Some projects I got to make in the woodworking shop we

3 drawer jewlery box
6 in high step stool
Router table
Some clocks
And we did somethings for the school itself

In the Home building shop:

We got to build a scaled down (but almost full scale) model of a
house. Get this it was big enough to fit in the shop.
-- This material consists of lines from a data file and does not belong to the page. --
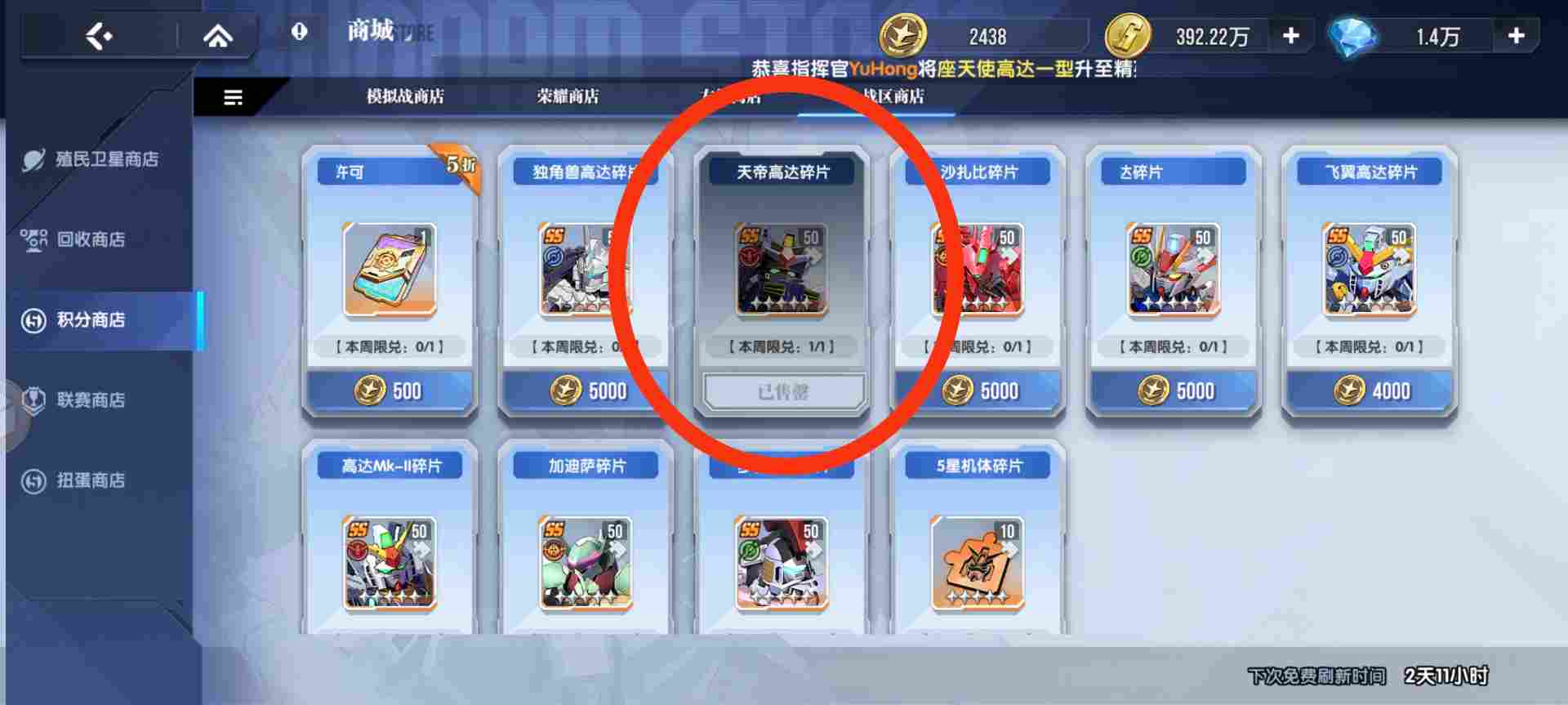 首页自选升星拿最高星的天帝高达放进去拿材料(自选天帝,战区商店5000一个,刚好新的一周又买一个。凑了3个天帝总算把战力拉到300W了!)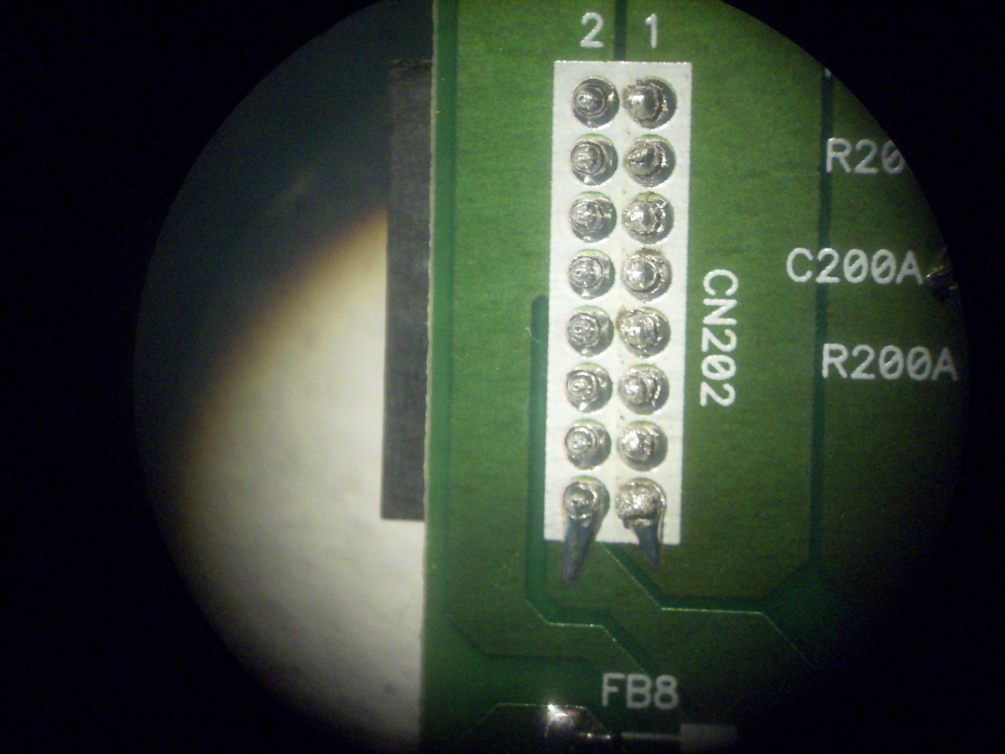 Removing the PS board revealed that the backside of connector CN202 had EVERY SOLDER JOINT FRACTURED!
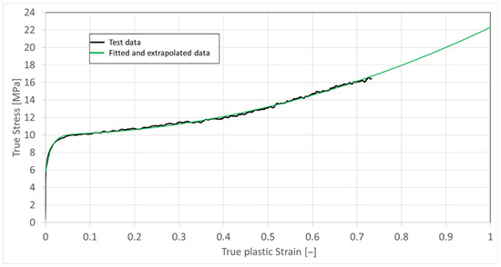 Due to the need for values beyond the curve, derived from testing, it is necessary to extrapolate the true stress vs. true plastic strain curve. Based on the work of G’Sell et al. [22] who tested such high ductile polymer materials, the parameter identification is carried out using the modified equation: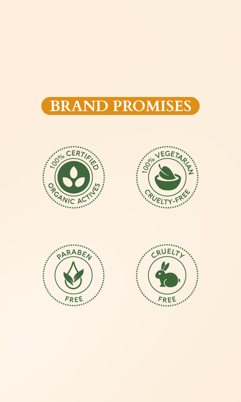 The promise of Purity:Vegan, Cruelty-free, Preservative-free, Sulphate-free, Paraben-free ; made with 100% Certified Organic Actives.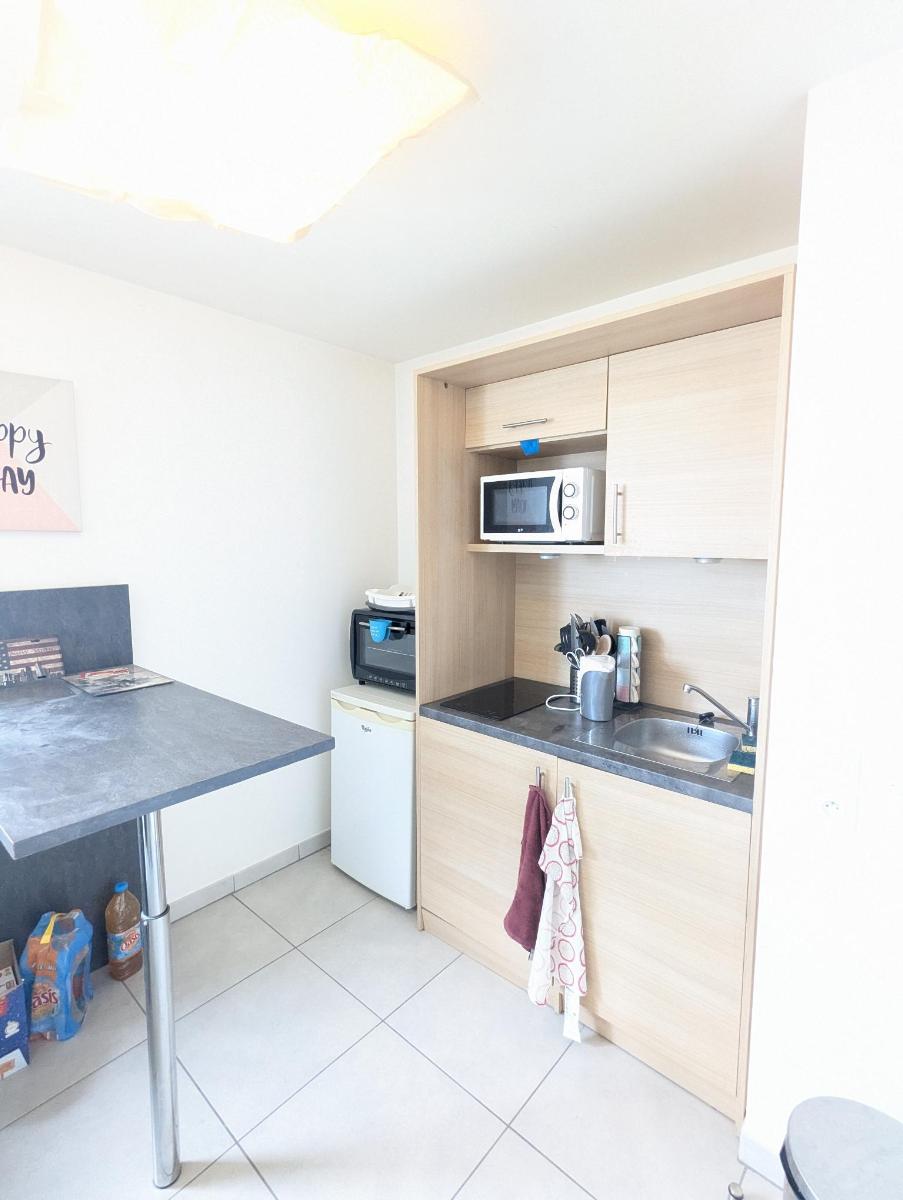 Quartier du Stade Philippe Marcombes, à proximité des lignes de bus et commerces, au sein d'une petite copropriété, un appartement de 37m² prolongé d'une terrasse et se composant d'une entrée, séjour, cuisine aménagée, ...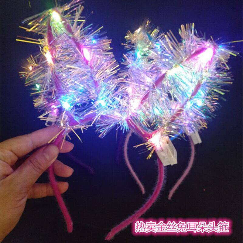 New gold rabbit ear glowing headdress with lights concert props dressed up cat ear hoop night market toys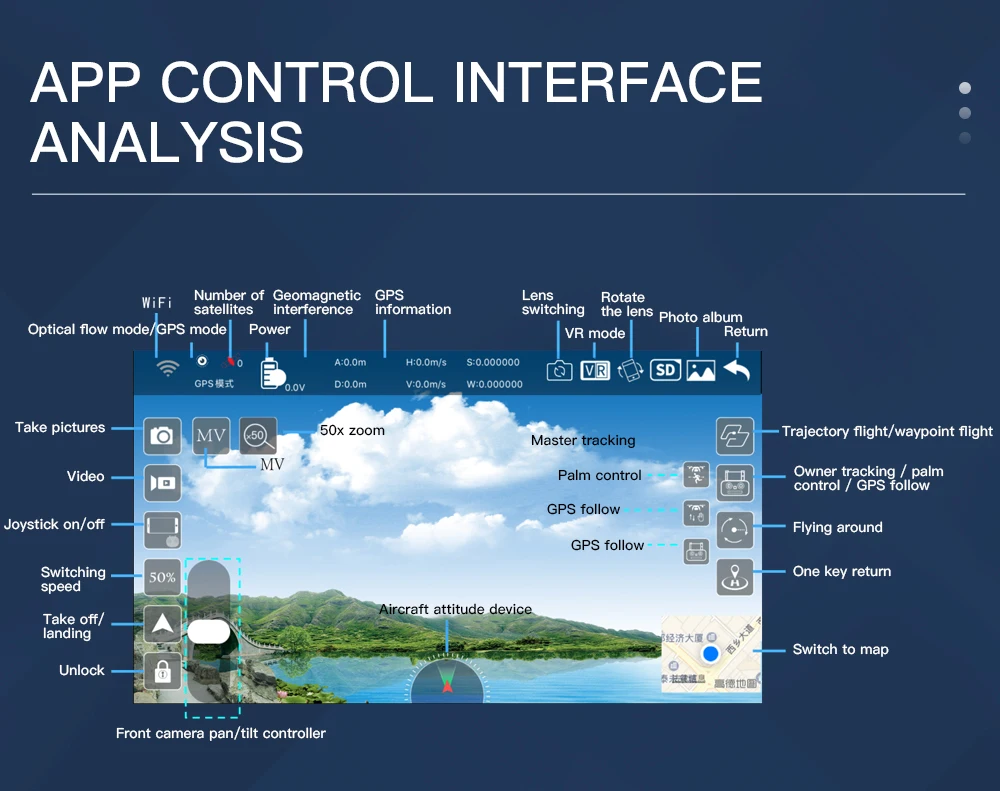 Рекомендуемая модель (1) ios Модель продукта: iPhone 6 и выше, iPhone 6 и выше Версия системы: iOS 8,0 и выше, iOS 9,0 и выше (2) андроид Модель процессора Snapdragon 630 и выше, Samsung Exynos 7420 и выше, отделение для волос Helio X25 и выше, Kirin 950 и выше Snapdragon 835 и выше, Samsung Exynos 8895 и выше, отделение для волос Helio X30 и выше, Kirin 970 и вышеОсобенности: GPS возвращается в точку взлета одной кнопкой, и низкое энергопотребление возвращается в воздух, и нет сигнала для возврата. Умное отслеживание GPS: после подключения самолета к GPS включается функция отслеживания приложения, и самолет следует на мобильный телефон. Следующее изображение: на расстоянии 1-5 м от самолета для определения объекта и выполнения автоматического последующего полета. Распознавание Жестов при съемке: в пределах 1-5 м от самолета сделайте жест камеры/жест камеры к камере. Многоточечное планирование полета маршрута: самолет автономно летает по заданному маршруту, а игрок концентрируется на стрельбе. Spot Surround: Найдите центральную точку вокруг и переместите желаемый радиус объемного звучания с помощью джойстика. Функция восстановления самолета: непрерывно щелкните значок сигнала GPS 3 раза, чтобы открыть интерфейс карты, карта показывает окончательное расстояние до самолета, широту и долготу. Функции MV: фильтры, видеоэффекты, фоновая музыка, обмен фото/видеоХарактеристики изделия: Время полета: около 25 минутВремя зарядки: около 2 ~ 3 часовРасстояние управления (свободные помехи и отсутствие окклюзии): около 1200 мРасстояние изображения (свободные помехи и отсутствие окклюзии):800 м (двойная антенна)Расстояние изображения (свободные помехи и отсутствие окклюзии): 300 м (одиночная антенна)GPS следуй за мной: 30 мИзображение следуй за мной: 1-5 мФокусное расстояние: 50-кратный зумСъемка жестами руки/реконструирование видео: 1-5 мРежим SD: 1208*720 (приложение) режим HD: 2048*1080 (приложение)Версия 4KРазрешение видео 4K:4096*3072PРазрешение фото 4K: 4096*3072PКамера нижнего вида: 1280*720pЧастота кадров: 25 кадров в секундуЕмкость интеллектуальной литиевой батареи: 7,6 В 2600 мАчОбъемная поверхность с фиксированной точкойАнти-тряска для аэрофотосъемкиОбмен фото/видеоДвойной режим GPS/ГЛОНАСС Разрешение видео 1080P:1920x1080p Разрешение фото 1080P:1920x1080p Разрешение видео 4K:2048x1080 Разрешение фото 4K:4096*3072P Камера нижнего вида: 1280*720p Частота кадров: 25 кадров в секундуПосылка ходит:1 х Квадрокоптер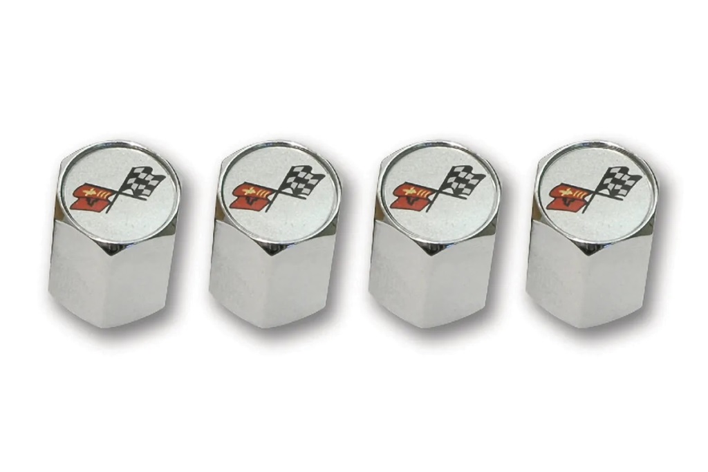 1953 -1982 Corvette Valve Stem Caps. – Chrome With Cross Flags Logo – #40006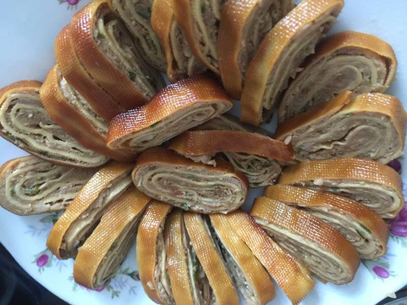 3:豆腐皮或者千张也可,铺平摸好肉馅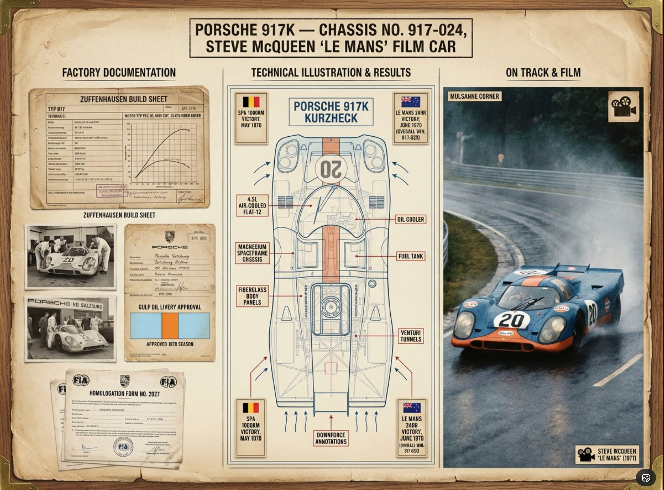 Prompt:A marque historian's documentation board for [VEHICLE] - [MODEL / VARIANT / YEAR]. Left section: factory documentation including original speci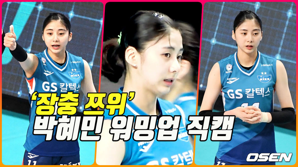 트와이스 멤버 쯔위를 닮은 외모로 ‘장충 쯔위’라는 별명을 지닌 GS 박혜민이 경기에 앞서 워밍업을 하고 있다.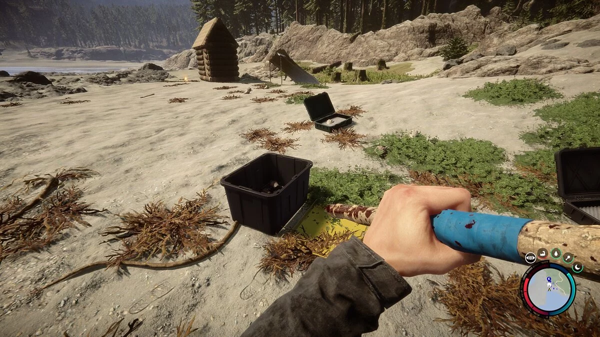 Сохранять прогресс можно только в импровизированных убежищах. Найденные пещеры не подойдут, по крайней мере, при отсутствии в них специальной мебели. Первым делом мы рекомендуем осмотреть ящики и контейнеры на побережье, которые остались после крушения вертолётов. На сложности «Нормально» и «Легко» вы найдёте в них брезент.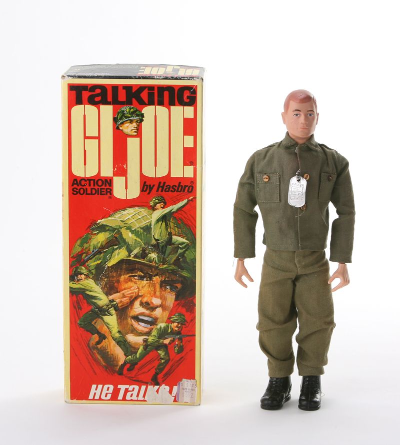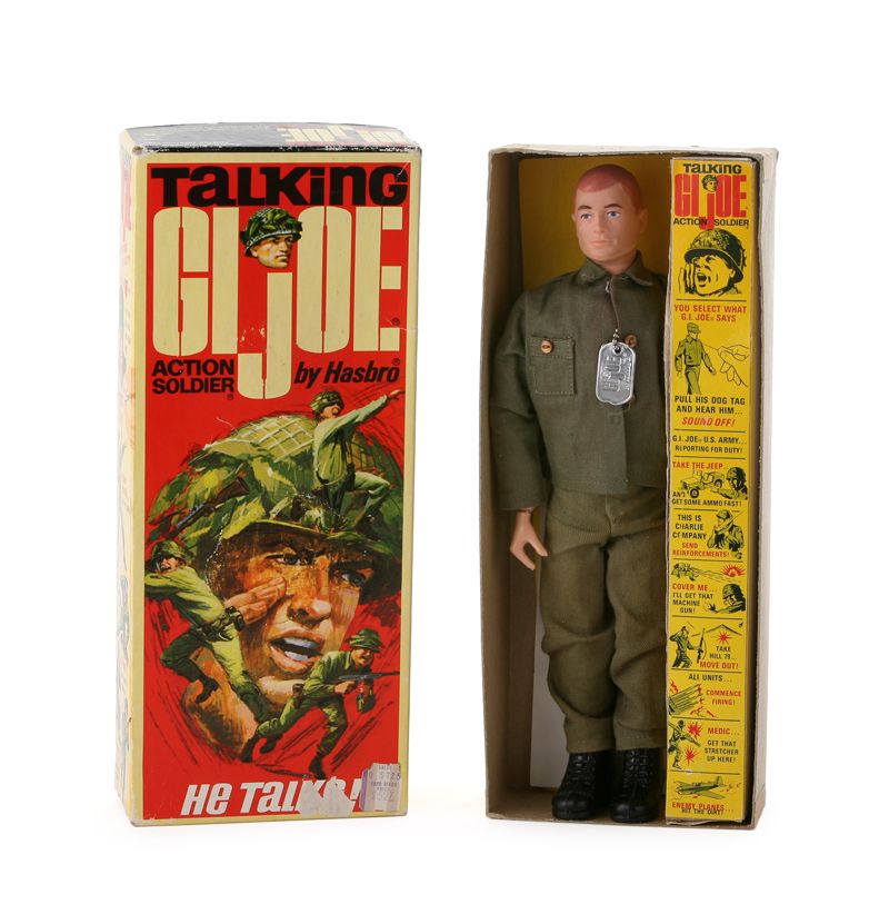1967 12" Talking G.I. Joe Action Soldier by Hasbro, in original box. Complete with doll, uniform and boots. The shirt is missing a button. Voice slightly distorted. General instructions and boot removal instructions included. Box shows moderate wear. Portion of box surface missing. Overall, in good condition.

And in my 12th grade year we contacted by a local fire company and
built a Fire Saftey House. They could take to local elementry schools.
That was probably my best project I ever worked on.

Bill

On Sun, 20 Feb 2005 09:36:43 -0500, "Owen Lawrence"
wrote:

Reading the Yeeee-Hah!!! thread, it got to wondering how my high school
woodworking experience might differ from others. My impression was that our
projects were relatively small compared to other schools, possibly due to
overcrowding. We had "Industrial Arts" from grade 7 to 9, age 12 to 14.
But anyway, two questions come to mind:

What did you make?
What did your teacher make while you were occupied?

I got to make
- candle holders (three pieces of wood, two holes)
- lamp, styled like an old water pump
- model rocket nose cones (our own individual design)
- adjustable record rack (our own collective design)
(That's it? Less than I thought after three years! Last year was wasted in
a metal shop with a new teacher in a new school. Can't remember even
lifting a single tool. Sigh.)

My teacher was making some double-helix carved lampstands. Very inspiring.

Maybe you can give me some age-appropriate ideas that my own children will
like to try. So far my 13 year old has had NO formal shop instruction at
school. But that's a separate thread.